Royal Terns on the Cape Fear River can live well into their 20s and 30s. We’ll be able to find out if older individuals, who know the river better and who have established where good foraging spots are, will have more efficient movements compared to their younger more inexperienced counterparts, and any other differences there might be. 

Thanks to a grant we received in partnership with the Cornell Lab of Ornithology, we’ll also be collecting poop samples from some of the chicks as they are being banded. Through a relatively new process called DNA barcoding, the fecal samples will reveal what taxa—sometimes down to the species level—the young birds are being fed.  

The method will also identify the relative abundance of each taxa in their diet, suggesting which may be more important to them. Because small schooling fish are an important part of their diet, this information can be useful in fisheries management planning as well as in understanding how changes in presence and abundance of marine life due to climate change or other factors might affect the terns. 

In order to get the GPS data loggers on the terns, our coastal team visited South Pelican Island, where thousands of Royal and Sandwich Terns breed in large groups every year.

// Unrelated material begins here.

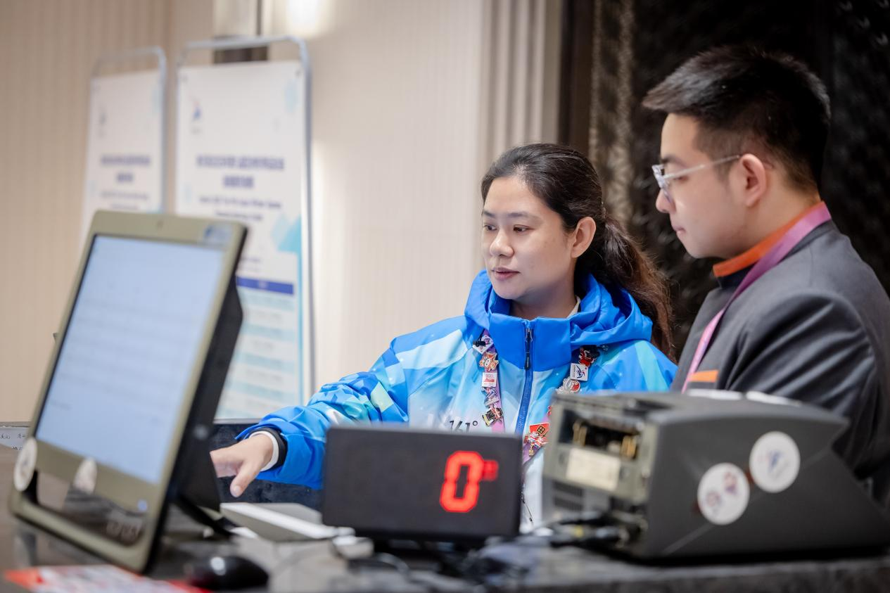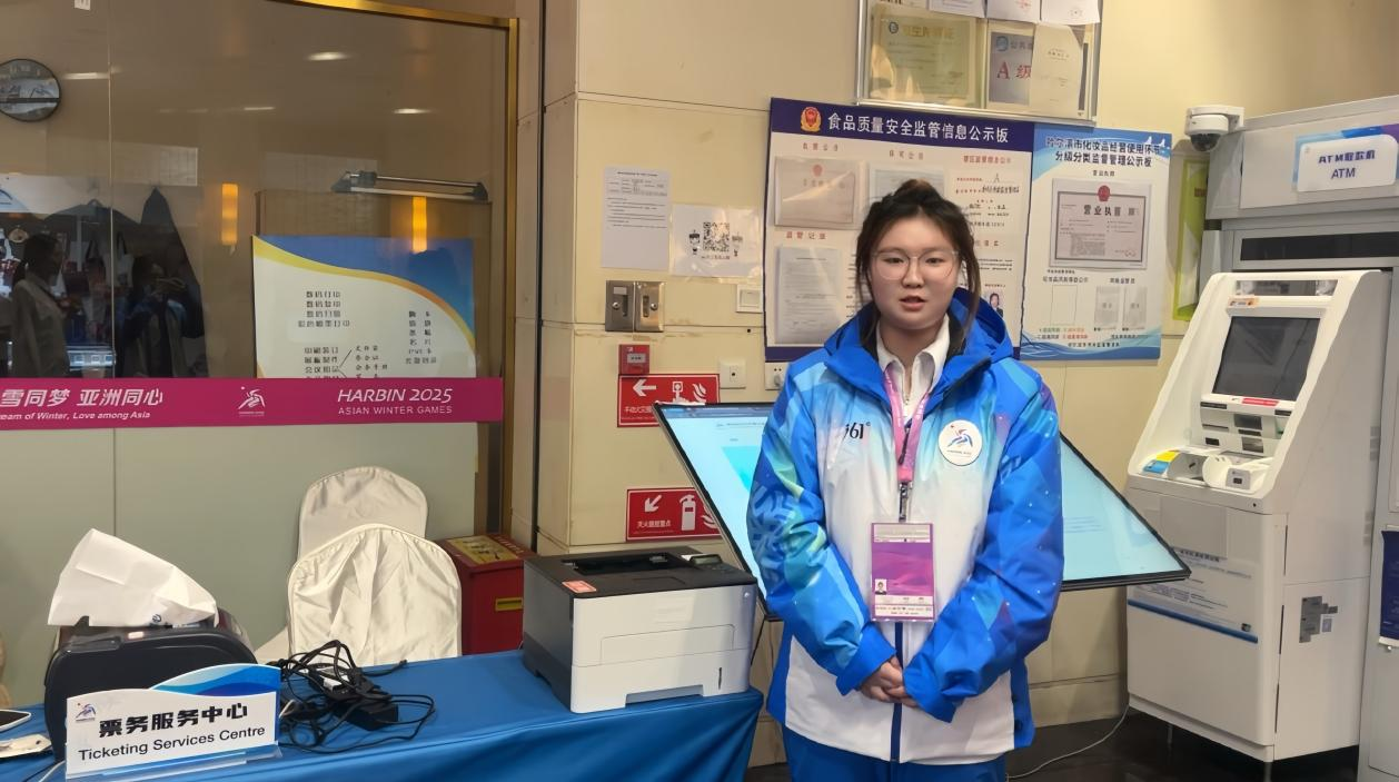 香格里拉酒店和北大荒国际饭店运动员分村的志愿者们主要工作的点位是票务前台,他们根据赛事票务系统,为运动员及随行人员(如教练、家属)介绍赛事安排、购票流程、提供订票服务,协助处理运动员亲友团的团体票预订或座位集中需求,协调解决因语言障碍、系统故障或支付问题引发的购票困难。

The colony nests on open bare sand, laying one egg per pair. With thousands of birds sitting on eggs, screeching in a chorus of communication, and gulls looking for their opportunity to snack on untended eggs, it is a difficult job to capture a few birds for tagging without causing too much disruption. 

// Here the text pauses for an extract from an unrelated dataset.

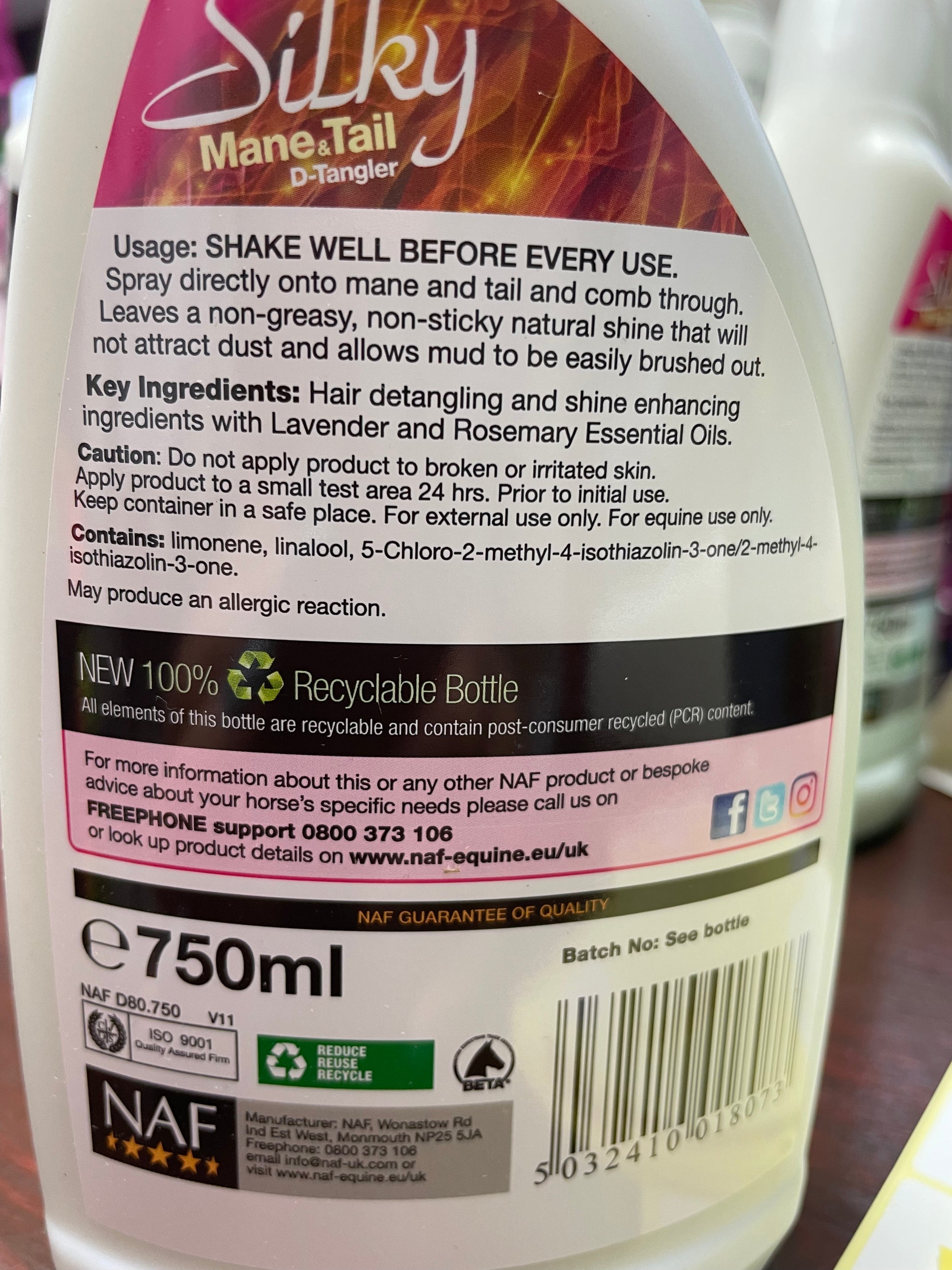 Naf silky mane and tail deranged in handy 750ml spray bottle.

It takes Lindsay and her team less than ten minutes to anchor the boat, approach the colony, carefully trap five birds, and transport them back to the boat. Their fast work ensures the terns and other nesting birds are disturbed as little as possible. 

Each bird collected has a metal U.S. Geological Survey band with a unique letter combination, allowing us to identify that individual and its age. Lindsay and Kate take a few measurements, harness the bird with a GPS data logger, and then release the bird back to its colony. 

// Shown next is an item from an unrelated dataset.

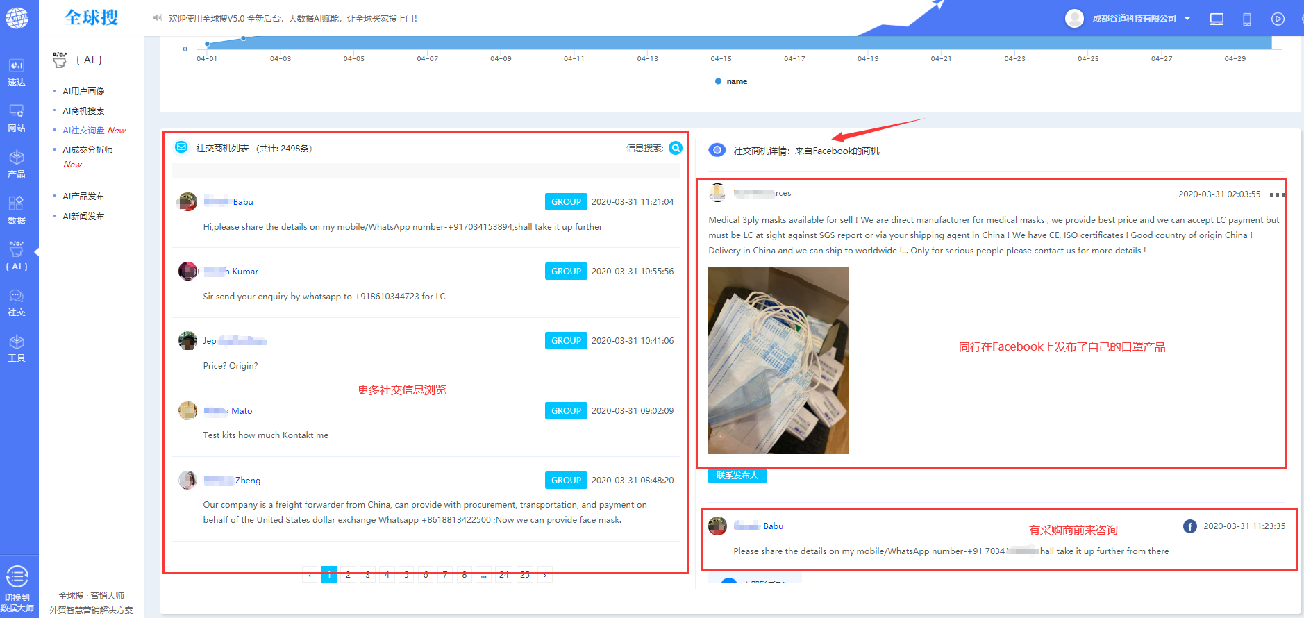 整合了各大社交平臺(tái)的信息,只要你輸入關(guān)鍵詞,就可以查詢到與該關(guān)鍵詞相關(guān)的所有社交詢盤(pán)(包括評(píng)論,帖子),讓你在第一時(shí)間,與意愿采購(gòu)者取得聯(lián)系。

The tags will stay on the birds for about a year and a half before the harnesses will wear out and fall off. A solar-powered receiver installed on South Pelican Island, and paid for by Cape Fear Audubon, will receive data every hour and automatically upload that data to the cloud every eight hours.  

This project is already revealing new insights. “So far, we can see that they like to forage at night, during incubation they travel about 20-30 kilometers offshore for food, and they like to forage upriver,” said Goodenough.  

While they’re still sitting on eggs, they can stay off-colony longer as they don’t have young chicks to forage for and tend to. Once those eggs have hatched, they might stay closer to the colony so they can bring food back to their chicks and better protect them from the elements and predators.  

“It will be interesting to see what parts of the river and coast they rely on the most for different phases of breeding and rearing young, as well as where they forage during migration,” said Goodenough. 

Lindsay and Kate taking measurements of the bird before tagging. Photo: Brittany Salmons/Audubon
Lindsay and Kate taking measurements of the bird before tagging. Photo: Brittany Salmons/Audubon

After this pilot year, the team plans to put out additional loggers over the next couple of years in order to develop a robust picture of the terns’ movements. The results of this project will allow us to get a fuller picture of the resources used by Royal Terns and the timing of their breeding and migratory movements, adding to the information we can use to better manage and maintain their populations along the Atlantic Flyway.  

*All banding, marking, and sampling is being conducted under a federally authorized Bird Banding Permit issued by the U.S. Geological Survey’s Bird Banding Lab.